Id love to come down and Meet a few of Yall and learn a few things about fishing down there in the big pond , I was planning on being down the weekend of the 4 of July with the boat but I might try to make it down that weekend too!


----------



## Capt. Richie Lott (May 15, 2010)

jamrens said:


> man i was really hoping i could but with the economy in the crappy i had to get a real job.. I have to work that weekend,, we need to do this like every couple months or monthly.. Ej can handle the lcb hes awsome like that..



Dang Man, I hate to hear that.... Wish you could make it. Maybe somethin will change for ya, bro...


----------



## oldenred (May 16, 2010)

looks like it's time to get a boat and crew list together


----------



## Capt. Richie Lott (May 17, 2010)

oldenred said:


> looks like it's time to get a boat and crew list together



Yep... looks like it.

I guess Red, me and Paul can start taking the PM's on who is coming.

Ok guys, send us PM's with subject GATHERING in the title only if you can make that date so we can keep everything together in our PM boxes.

Looks like we'll have around 12-15 I would think. As bad as paul hates it, we're going to do a Shark Tournament.... Everyone can catch sharks, so it makes it a little more inetresting for those who dont know the area.

Paul it is my goal to use all your trout for bait.! LOL! 

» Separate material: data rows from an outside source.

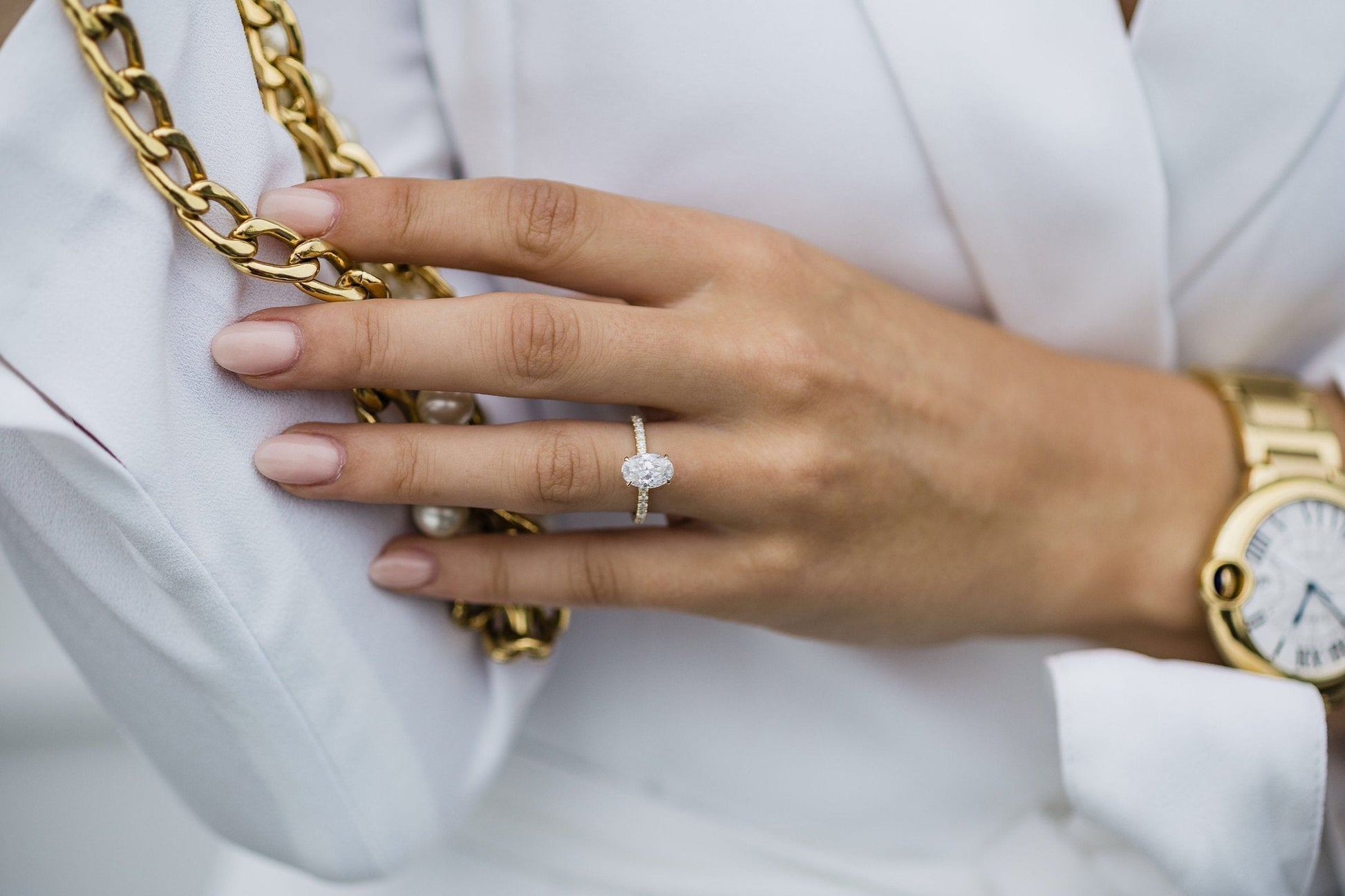 ✥ Indulge in the allure of everlasting love with our 1.85CT Oval Cut Hidden Halo Moissanite Diamond Ring. a captivating symbol of timeless elegance and romantic mystery. The stunning 1.85-carat oval-cut moissanite takes center stage. delicately encircled by a concealed halo of glistening diamonds. creating an ethereal dance of light. Meticulously crafted. this engagement ring seamlessly blends classic sophistication with a touch of intrigue. symbolizing the depth and uniqueness of your commitment. Ethically sourced moissanite ensures both breathtaking beauty and responsible luxury. This ring is more than a piece of jewelry; it's a radiant reflection of your shared journey. promising a future as brilliant and filled with delightful surprises as the hidden halo that surrounds it. Make your proposal truly unforgettable with this extraordinary ring. an everlasting testament to the sparkle of your love story.
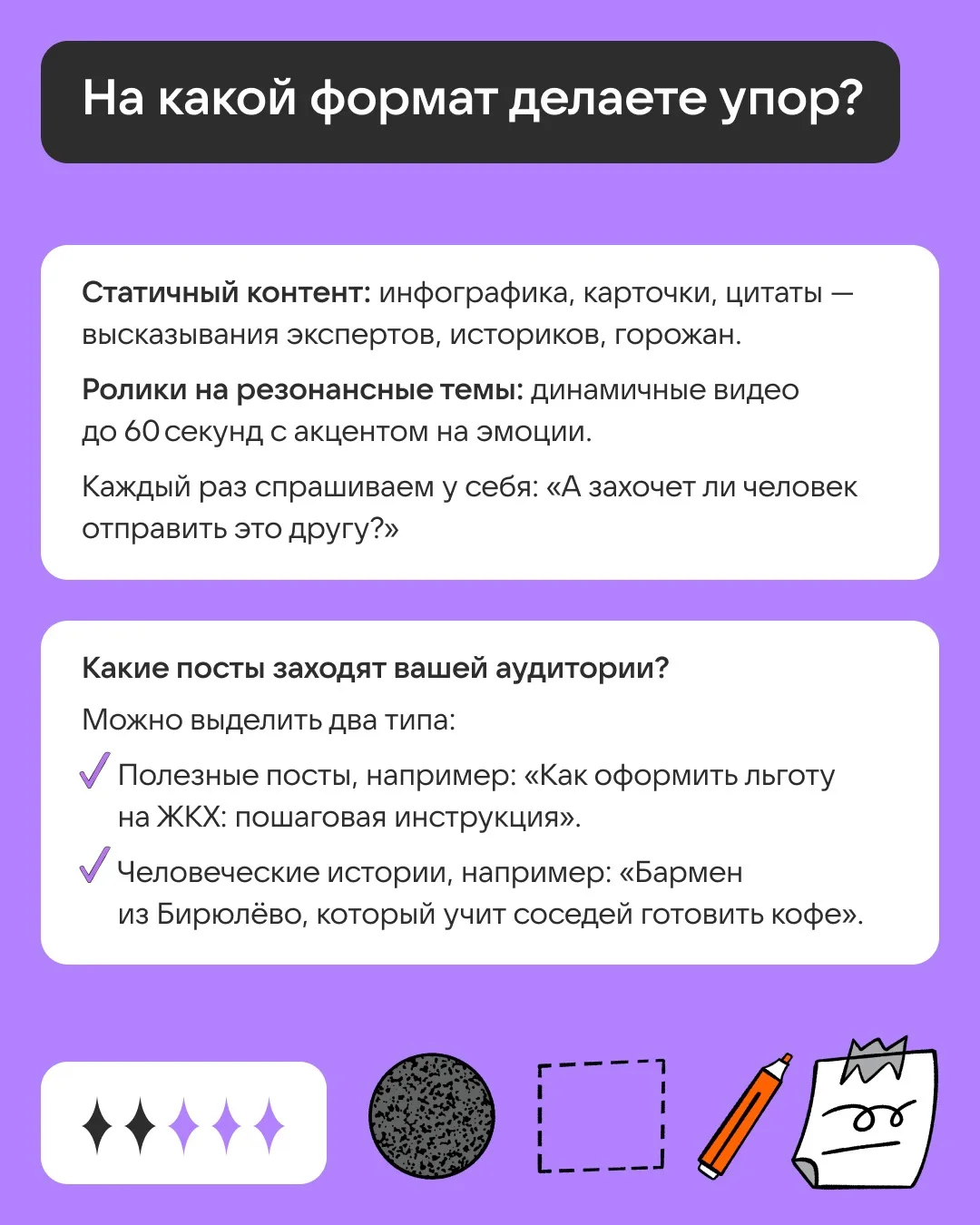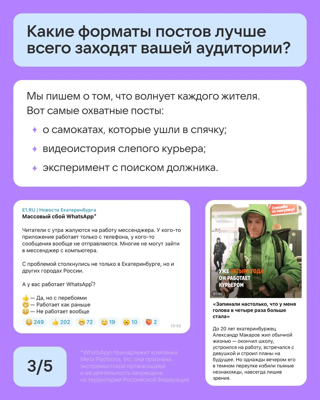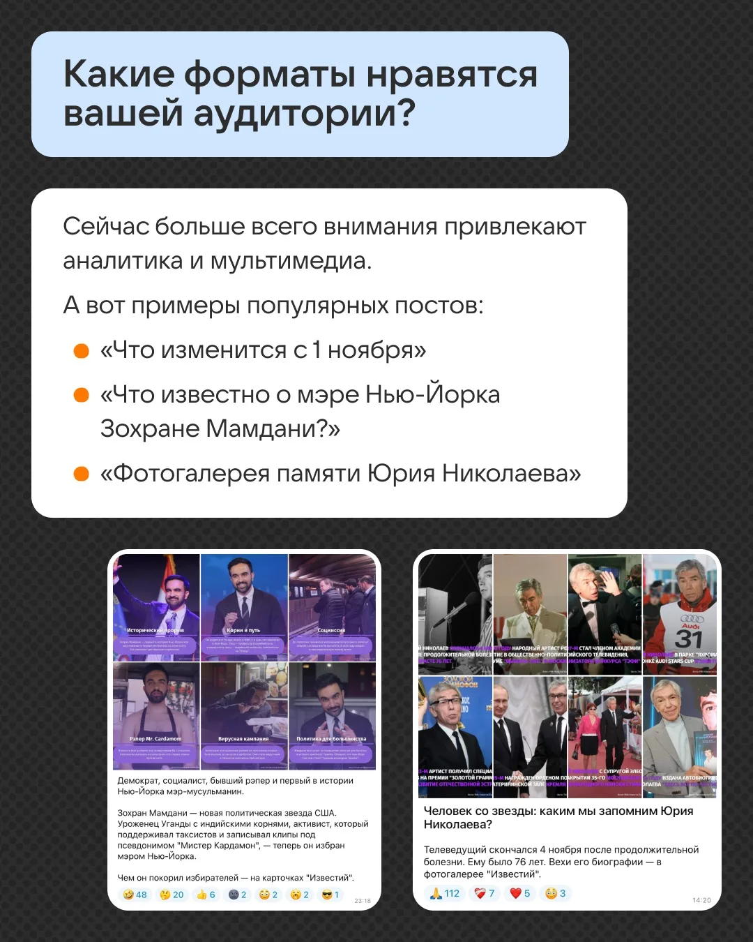 Шеф-редактор СММ-отдела Николай Заболотный поделился, какие форматы лучше всего заходят аудитории и на что издание делает упор в своём контенте. Ответы — в карточках.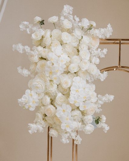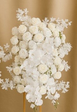 A luxurious 100cm floral runner crafted with a blend of premium white roses, orchids, and delicate blossoms. Its cascading design and intricate texture make it a versatile showpiece for weddings, luxury events, or photo installations.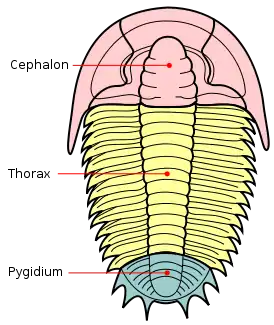 Nos trilobitas, o pigídio pode variar de tamanho, desde extremamente reduzido (muito menor que a cabeça) até muito maior que a cabeça (cefalon). Pode ser liso como na ordem Asaphida ou espinhoso como na Lichida.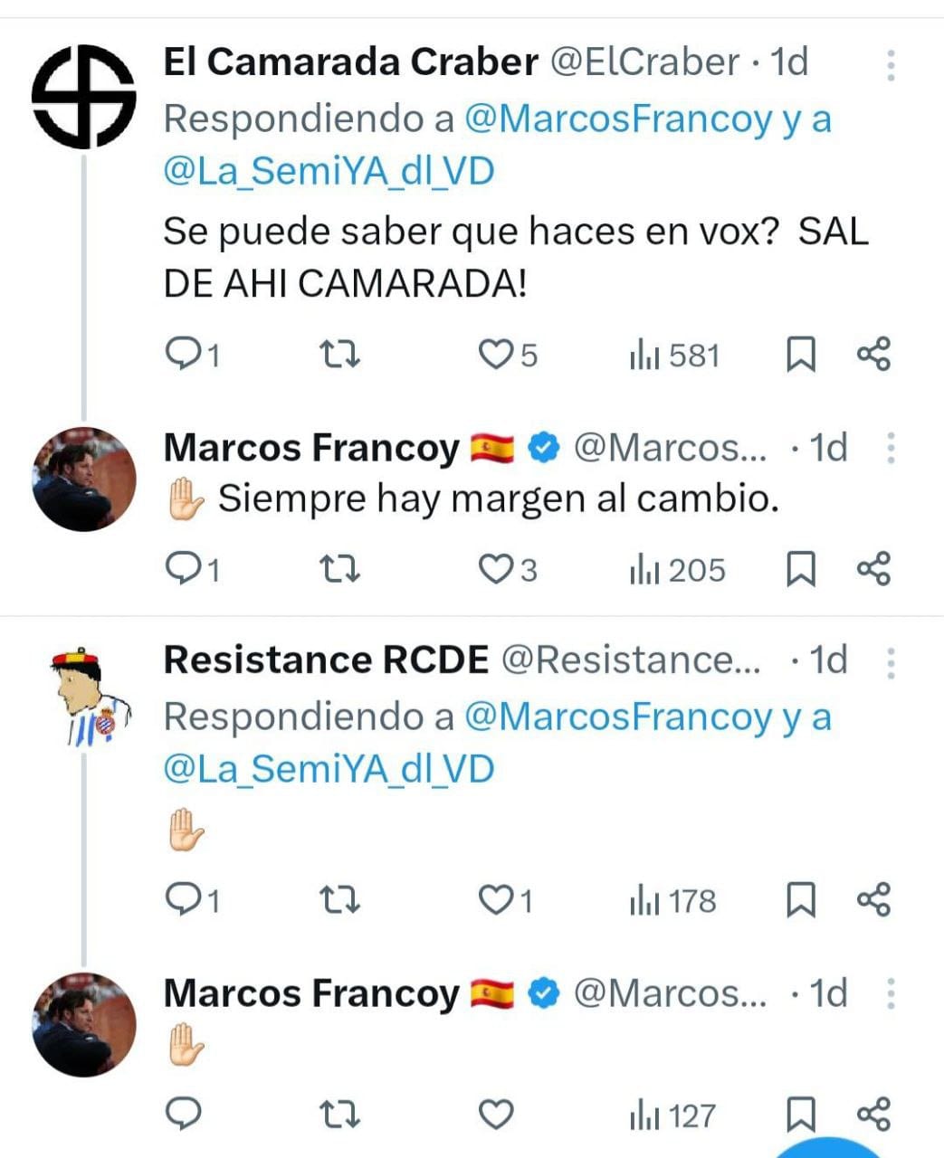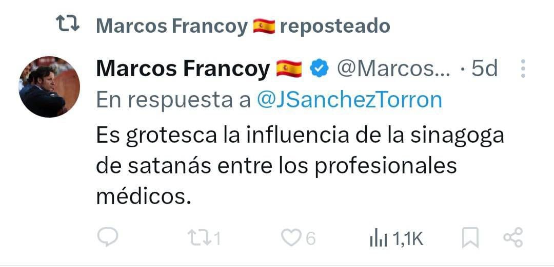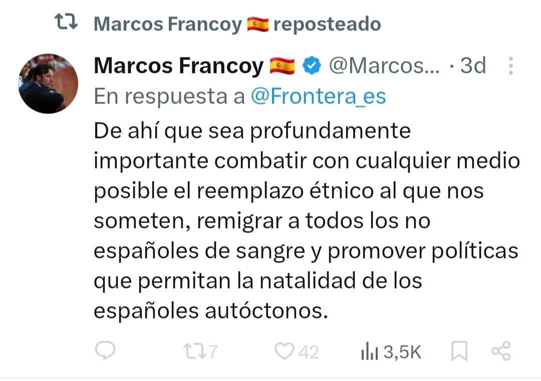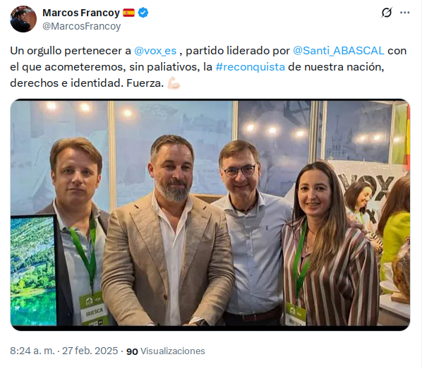 Marcos Francoy, Asesor Parlamentario de Vox en las Cortes de Aragón, Vocal y Responsable de Organización Territorial de Vox Huesca, excandidato al senado en 2023 y responsable de relaciones institucionales de Vox Huesca en 2024, ha difundido desde su cuenta personal de X (anteriormente Twitter) una serie de publicaciones con referencias nazis y mensajes abiertamente racistas y judeófobos.

Aight, WHO IS COMING, TIME TO GET THIS BALL ROLLING.


----------



## PaulD (May 17, 2010)

Come on now, if you're gonna use trout for bait atleast target tarpon with them. I hear they work great.   (nobody try this!!!!!)

Expecting PM's. Let's get the ball rolling gentleman!


----------



## Nautical Son (May 17, 2010)

The 26th is gonna be iffy for me, I'm gonna be home starting the 14th but don't know if I can stretch the stay that long. If I can I'll drag the boat down, just pencil me in for now...no ink yet.


----------



## PaulD (May 17, 2010)

Guys, if it's not asking to much, when you PM me or Richie, let us know if you're bringing your boat, how many are with you and if you have room for anymore. JUST LIKE LAST YEAR. Thanks in advance!
-P.D.


----------



## PaulD (May 17, 2010)

1. Richie Lott + (2 crew)- With boat (FULL)
2. Paul D + (1 crew)- With boat (FULL)
3.Kevin M + (2 crew)- With boat
3. Retired + ( 1 crew)- With Boat
4. Flaming Scott + ( 12crew)- With Boat (FULL)
7. Jim+ ( ? crew)- With boat
8. Charlton + (2 crew)- With Boat
9. Warfrat - With Boat

10. Parker P.-
11. CRowland
12. Ratherbfishin + (2 crew) -With boat (FULL)
13. Sharks + (2 crew) - With boat (FULL)
14. Fish:30
15. Bildgerat + 1 - They need a ride
16. John Kayak- Needs a ride
17. TJ (room for 2) - with boat ( FULL, we'll have a couple of riders with you.  )
18. Sea Trout +( 1 crew) with boat.
19. Addin +( 3 crew) with boat (FULL)
20. Cutn and gutn +2 crew) with boat 
21. Cutn and gutn 2 +(2 crew) with boat 
22. TMaybin + (1 crew ) 
23. Kayakers ??????


----------



## Capt. Richie Lott (May 17, 2010)

TGattis said:


> The 26th is gonna be iffy for me, I'm gonna be home starting the 14th but don't know if I can stretch the stay that long. If I can I'll drag the boat down, just pencil me in for now...no ink yet.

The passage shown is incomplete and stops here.